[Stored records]
◇ ◇ ◇

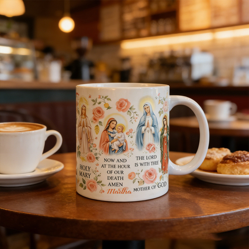 This beautifully crafted mug is a heartfelt tribute to faith and devotion, featuring elegant depictions of the Virgin Mary surrounded by delicate roses. The soft floral design symbolizes purity and grace, while the inclusion of excerpts from the "Hail Mary" prayer—such as "Holy Mary, Mother of God" and "The Lord is with thee"—serves as a constant reminder of spiritual connection and comfort. The serene imagery paired with meaningful scripture makes this mug perfect for moments of reflection, prayer, or simply enjoying a warm drink. It’s an inspiring and thoughtful gift for anyone seeking to keep their faith close in their daily life.
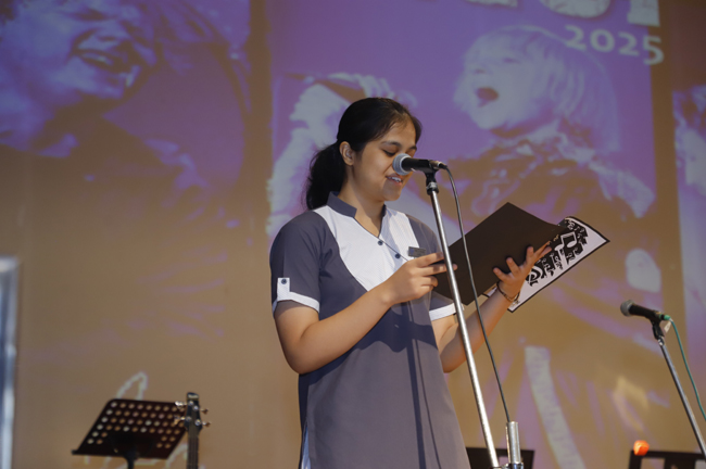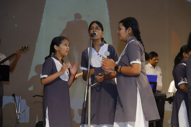 Somerville School NOIDA hosted the annual Inter House Western Music Competition, Syncopation, on 19th July 2025 at the Nelson Memorial Auditorium. More than 160 students participated in the competition. There were four categories, male solo, female solo, group song and band performance. Students of all four houses performed exceedingly well. The audience was mesmerised by the flawless presentation. It was also a special day as the Western Music teacher Ms.Tracy Fernandes who has served the school for 34 years is superannuating this year. So she was given a befitting farewell by her ex-students many of whom were already famous in the world of music. The western music department of Somerville School NOIDA will miss a wonderful teacher. The Chairperson and Director of Schools, Lott Carey Baptist Mission, Mrs.D.A. Tressler gave a heart warming speech to honour Ms.Tracy and the Principal Mrs.M.N Arul Raj wished her a tearful goodbye after her customary vote of thanks.
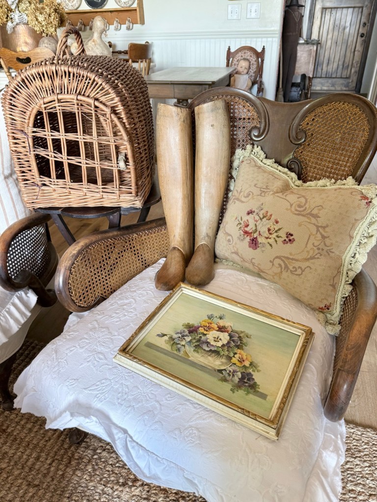 I went to #vintagemarketdays this morning! I saw so many friends, and met some new friends 🤎 Such a fun day! Here is what I found… I don’t think #steviethegirlkitty likes the antique animal carrier I found 😂 #furnitureattiffanys #handmedowncottage #homedecor #vintage #antique #art #pansypainting #european #bootforms #pillow #basket
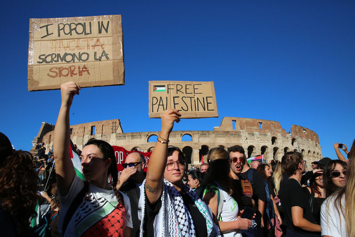 2025年10月4日,在意大利罗马,声援巴勒斯坦的游行队伍向斗兽场行进,要求以色列立即停止对加沙地带的军事行动,释放“全球坚韧船队”人员。新华社记者 李京 摄
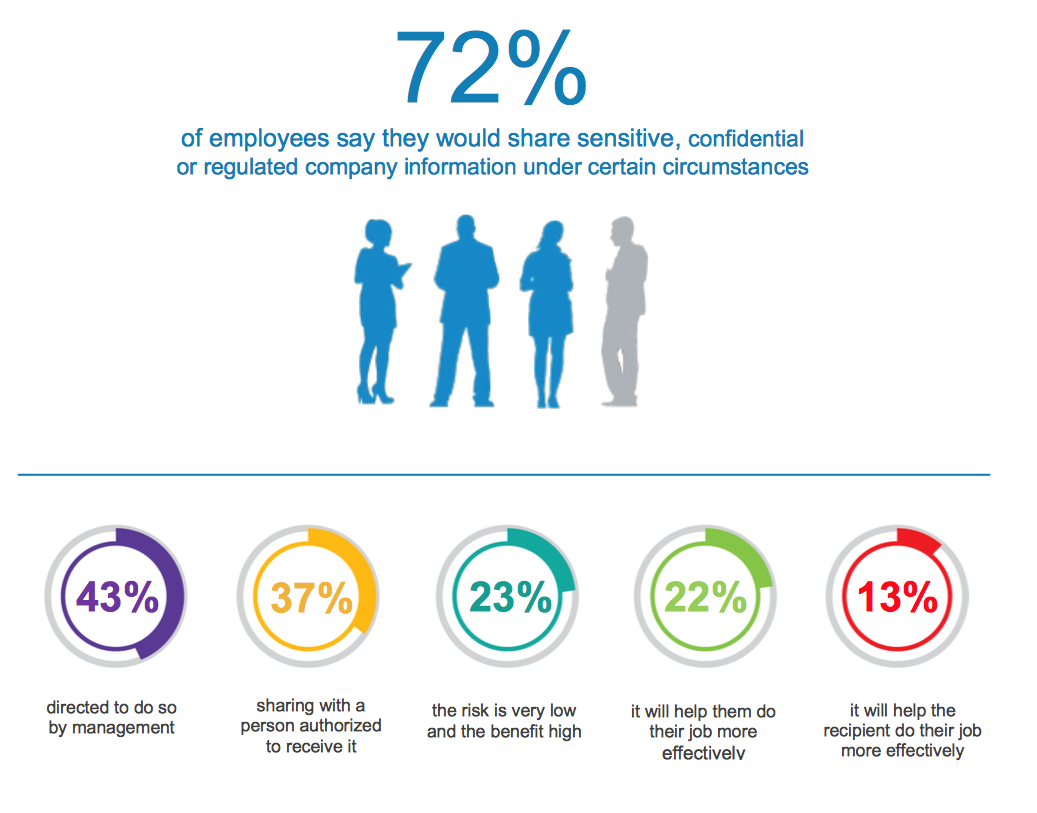 The Dell End-User Security Survey recently found that 72 percent of employees are willing to share confidential, regulated or sensitive data under certain circumstances. It’s not always because they’re careless, and it’s typically not because they’ve gone rogue. Rather, there are simply a number of scenarios in which it makes good business sense to share sensitive data.
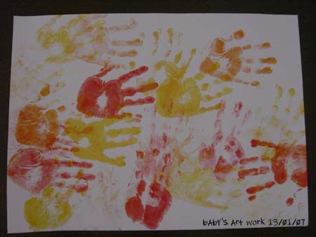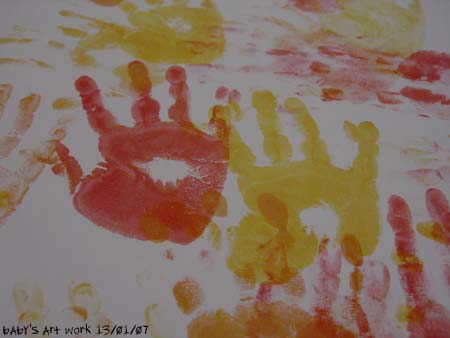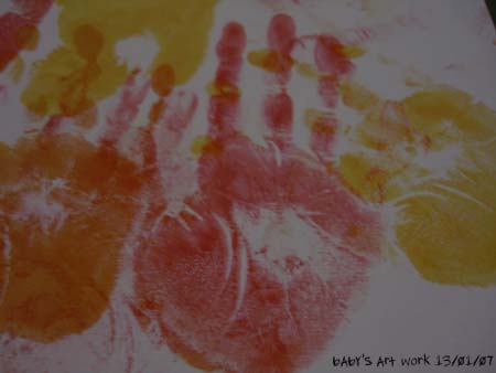 這是寶貝在兩歲接近三個月時的佳作 - 小小手印。
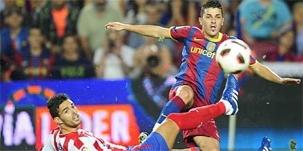 Der FC Barcelona hält in der spanischen Fußball-Meisterschaft Anschluss an die Spitzengruppe. Ohne Weltfußballer Lionel Messi, der wegen einer Bänderverletzung noch einige Tage pausieren muss, bezwangen die Katalanen am Mittwoch Sporting Gijon mühsam mit 1:0. Es war Barcelonas dritter Sieg im vierten Ligaspiel. Den Siegestreffer erzielte vor rund 77.000 Zuschauern im Camp Nou Angreifer David Villa in der 49. Minute.
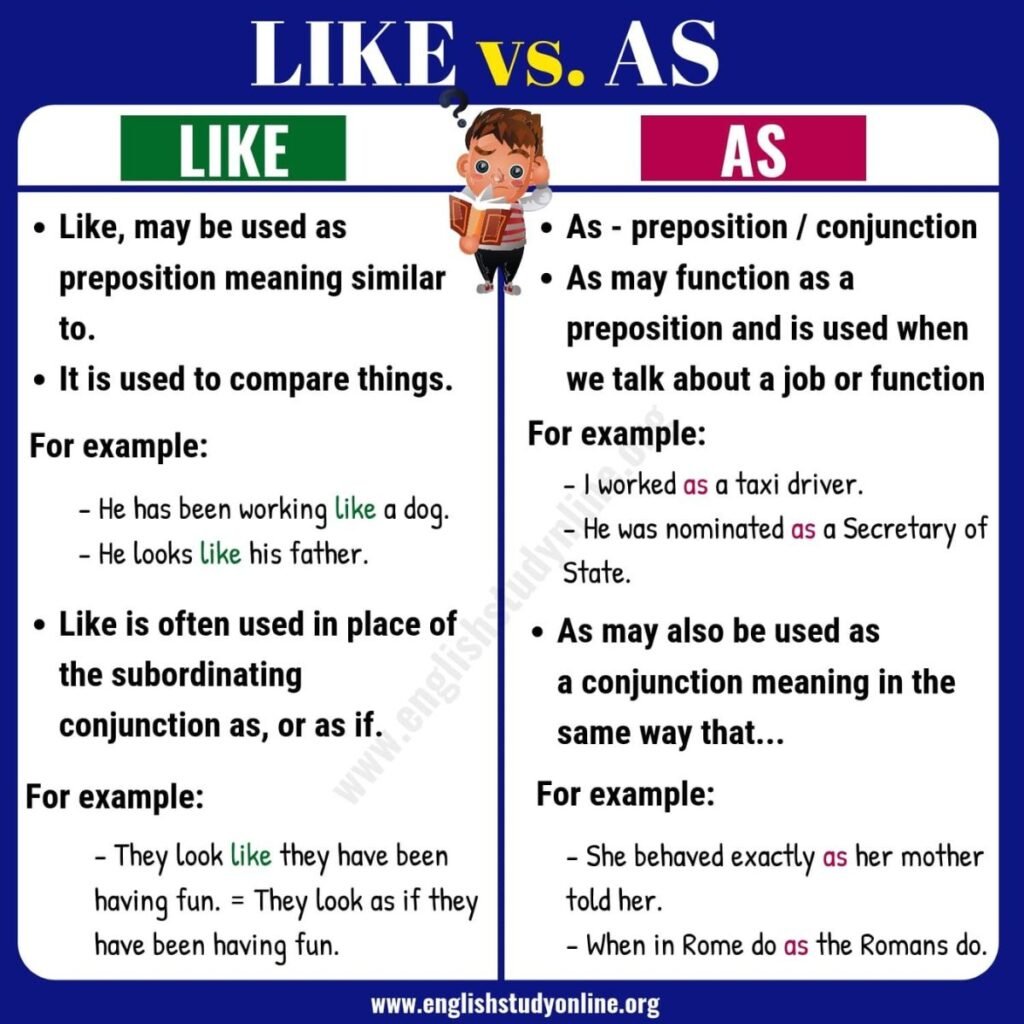 - English learners often search “like or as grammar rule” to clarify the difference.
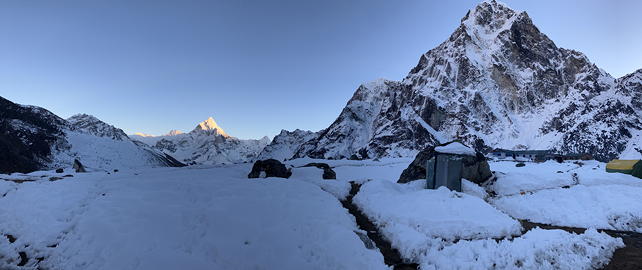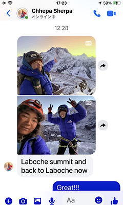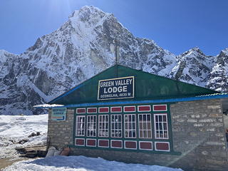 投宿したのはGreen Valley Lodgeで、この「Green」というのはたぶんチョラ・ツォの色からとったものだと思いますが、それよりもロッジの正面から見て右前方に近いチョラツェと中央遠くのアマ・ダブラムが実に立派です。この眺めを堪能してからロッジでWiFiカードを買い求め通信を再開してみたところ、なんとチェパからOさんと共にロブチェ・イーストに登ったという連絡が入っていました。昨日HCに登ったのは高度順応ではなく、すでにサミットプッシュに入っていたというわけです。ここまで高度順応と言えるのはディンボチェのNangkartshangの5000mちょっとしか行っていないはずのOさんが、いきなりロブチェ→HC(泊)→サミット→ロブチェの行程をこなしてしまったことに私もソナムも仰天してしまいましたが、このニュースを聞いたソナムは「彼女はたくさん食べてましたから」と思いがけない感想を漏らしました。言われてみれば確かにOさんは、ダルバートを必ずおかわりしていましたし、何を食べてもおいしそうに食べていて、その小柄な身体に似合わない健啖ぶりは胃が四つあるのではないかと疑いたくなるほどでした。そして「食べられない者は登れない」というセオリーはこれまでのエクスペディションで私自身が実感しているところです。何はともあれ、Oさんおめでとう!本当にすごい。そして一つ肩の荷を下ろしたチェパは、これからは島トリオをアイランド・ピークの頂上に立たせることに専念できるはずです。

◇ ◇ ◇

Keeping the pictures out, output the records from above exactly and completely.

◆ Result of the task ◆
 This beautifully crafted mug is a heartfelt tribute to faith and devotion, featuring elegant depictions of the Virgin Mary surrounded by delicate roses. The soft floral design symbolizes purity and grace, while the inclusion of excerpts from the "Hail Mary" prayer—such as "Holy Mary, Mother of God" and "The Lord is with thee"—serves as a constant reminder of spiritual connection and comfort. The serene imagery paired with meaningful scripture makes this mug perfect for moments of reflection, prayer, or simply enjoying a warm drink. It’s an inspiring and thoughtful gift for anyone seeking to keep their faith close in their daily life.
 Somerville School NOIDA hosted the annual Inter House Western Music Competition, Syncopation, on 19th July 2025 at the Nelson Memorial Auditorium. More than 160 students participated in the competition. There were four categories, male solo, female solo, group song and band performance. Students of all four houses performed exceedingly well. The audience was mesmerised by the flawless presentation. It was also a special day as the Western Music teacher Ms.Tracy Fernandes who has served the school for 34 years is superannuating this year. So she was given a befitting farewell by her ex-students many of whom were already famous in the world of music. The western music department of Somerville School NOIDA will miss a wonderful teacher. The Chairperson and Director of Schools, Lott Carey Baptist Mission, Mrs.D.A. Tressler gave a heart warming speech to honour Ms.Tracy and the Principal Mrs.M.N Arul Raj wished her a tearful goodbye after her customary vote of thanks.
 I went to #vintagemarketdays this morning! I saw so many friends, and met some new friends 🤎 Such a fun day! Here is what I found… I don’t think #steviethegirlkitty likes the antique animal carrier I found 😂 #furnitureattiffanys #handmedowncottage #homedecor #vintage #antique #art #pansypainting #european #bootforms #pillow #basket
 2025年10月4日,在意大利罗马,声援巴勒斯坦的游行队伍向斗兽场行进,要求以色列立即停止对加沙地带的军事行动,释放“全球坚韧船队”人员。新华社记者 李京 摄
 The Dell End-User Security Survey recently found that 72 percent of employees are willing to share confidential, regulated or sensitive data under certain circumstances. It’s not always because they’re careless, and it’s typically not because they’ve gone rogue. Rather, there are simply a number of scenarios in which it makes good business sense to share sensitive data.
 這是寶貝在兩歲接近三個月時的佳作 - 小小手印。
 Der FC Barcelona hält in der spanischen Fußball-Meisterschaft Anschluss an die Spitzengruppe. Ohne Weltfußballer Lionel Messi, der wegen einer Bänderverletzung noch einige Tage pausieren muss, bezwangen die Katalanen am Mittwoch Sporting Gijon mühsam mit 1:0. Es war Barcelonas dritter Sieg im vierten Ligaspiel. Den Siegestreffer erzielte vor rund 77.000 Zuschauern im Camp Nou Angreifer David Villa in der 49. Minute.
 - English learners often search “like or as grammar rule” to clarify the difference.
 投宿したのはGreen Valley Lodgeで、この「Green」というのはたぶんチョラ・ツォの色からとったものだと思いますが、それよりもロッジの正面から見て右前方に近いチョラツェと中央遠くのアマ・ダブラムが実に立派です。この眺めを堪能してからロッジでWiFiカードを買い求め通信を再開してみたところ、なんとチェパからOさんと共にロブチェ・イーストに登ったという連絡が入っていました。昨日HCに登ったのは高度順応ではなく、すでにサミットプッシュに入っていたというわけです。ここまで高度順応と言えるのはディンボチェのNangkartshangの5000mちょっとしか行っていないはずのOさんが、いきなりロブチェ→HC(泊)→サミット→ロブチェの行程をこなしてしまったことに私もソナムも仰天してしまいましたが、このニュースを聞いたソナムは「彼女はたくさん食べてましたから」と思いがけない感想を漏らしました。言われてみれば確かにOさんは、ダルバートを必ずおかわりしていましたし、何を食べてもおいしそうに食べていて、その小柄な身体に似合わない健啖ぶりは胃が四つあるのではないかと疑いたくなるほどでした。そして「食べられない者は登れない」というセオリーはこれまでのエクスペディションで私自身が実感しているところです。何はともあれ、Oさんおめでとう!本当にすごい。そして一つ肩の荷を下ろしたチェパは、これからは島トリオをアイランド・ピークの頂上に立たせることに専念できるはずです。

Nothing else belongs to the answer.